W odpowiedzi pokiwał głową góra-dół i ponownie mnie pocałował. Był cały czas za mną. Delikatnie przyciągnęłam jego głowę rękami do swojej.
-Trzeba zrobić zakupy-szepnęłam mu do ucha.
-Załatwione.
-Lodówka. Jest. Pusta.
-Zakupy. Przyjadą. Same.-powiedział zmuszając mnie do wstania.-Bo już zamówiłem.
Jego ręce zjechały na moją pupę. Zachichotałam. Pocałował mnie raz, drugi. Zaczął nas przemieszczać. On robił krok do przodu, ja do tyłu. Kiedy trafiliśmy na schody nie udało mi się podnieść wystarczająco wysoko stopy i powoli osunęłam się na stopnie. Trafił między moje nogi, które rozłożyły się mimowolnie jakby na zachętę. Całował moją szyję, a ja trzymałam jego wąskie biodra kolanami. Wtedy jego ciało zaczęło powoli falować. Nagle poczułam wibracje w jego kieszeni, a po chwili zaczął rozchodzić się dzwonek.
-Halo?-odebrał oddalając swoją twarz od mojej o piętnaście centymetrów.-My? Nic ciekawego. Oglądamy telewizor.

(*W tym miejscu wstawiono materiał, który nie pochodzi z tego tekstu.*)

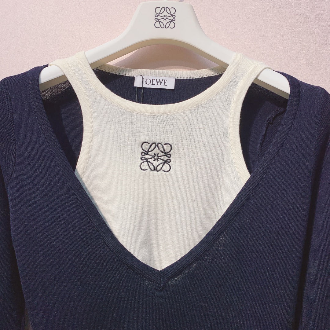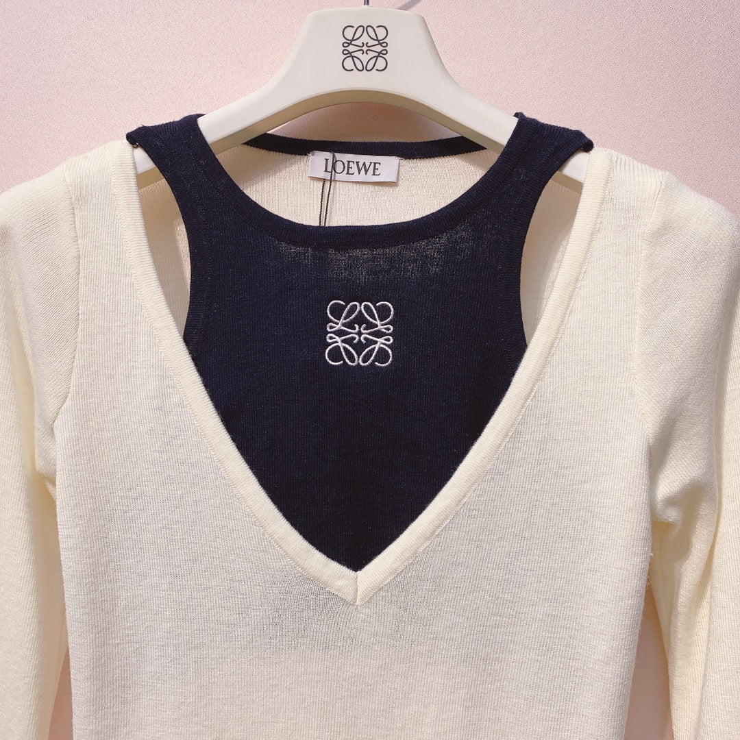 Loewe 25 Sleeveless Dress Blue mix White Cotton Polyamide

Tak, już podaję.
-Cześć tato-powidziałam do słuchawki czując ręce Biebera w tali.-Tu pogoda jest chyba zawsze ładna. Tak. Tak. Pozdrów mamę. Pa. No tak. Cześć.-pożegnałam się i podałam słuchawkę Justinowi.
Nim zdążył wznowić swoje „działania” wysunęłam się spod niego i zaczęłam iść po schodach na górę.
-Czemu twój tata zawsze dzwoni w dobrych momentach?
-Powrócimy do tego, kiedy zrobisz coś z tą kamerą skierowaną centralnie na schody i kiedy zrobimy zakupy, którymi się nie zająłeś-rzuciłam w niego koszulką.- Pokaż mi lepiej gdzie są moje ubrania, bo nigdzie ich nie mogę znaleźć.